Markus Legner, Tobias Klenze, Marc Wyss, Christoph Sprenger, and Adrian Perrig, ETH Zurich
An exciting insight of recent networking research has been that path-aware networking architectures are able to fundamentally solve many of the security issues of today’s Internet, while increasing overall efficiency and giving control over path selection to end hosts. In this paper, we consider three important issues related to this new networking paradigm: First, network operators still need to be able to impose their own policies to rule out uneconomical paths and to enforce these decisions on the data plane. Second, end hosts should be able to verify that their forwarding decisions are actually followed by the network. Finally, both intermediate routers and recipients should be able to authenticate the source of packets. These properties have been considered by previous work, but there is no existing system that achieves both strong security guarantees and high efficiency.
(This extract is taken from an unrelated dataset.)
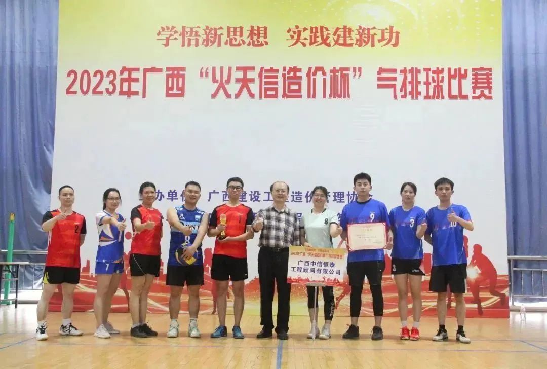 5月14日下午,由廣西建設(shè)工程造價(jià)管理協(xié)會(huì)主辦的2023年廣西“火天信造價(jià)杯”氣排球比賽在南寧市體育場落下帷幕。經(jīng)過兩天激烈的角逐,中信恒泰代表隊(duì)力克群雄,勇奪本次比賽冠軍。

We propose EPIC, a family of data-plane protocols that provide increasingly strong security properties, addressing all three described requirements. The EPIC protocols have significantly lower communication overhead than comparable systems: for realistic path lengths, the overhead is 3–5 times smaller compared to the state-of-the-art systems OPT and ICING. Our prototype implementation is able to saturate a 40 Gbps link even on commodity hardware due to the use of only few highly efficient symmetric cryptographic operations in the forwarding process. Thus, by ensuring that every packet is checked at every hop, we make an important step towards an efficient and secure future Internet.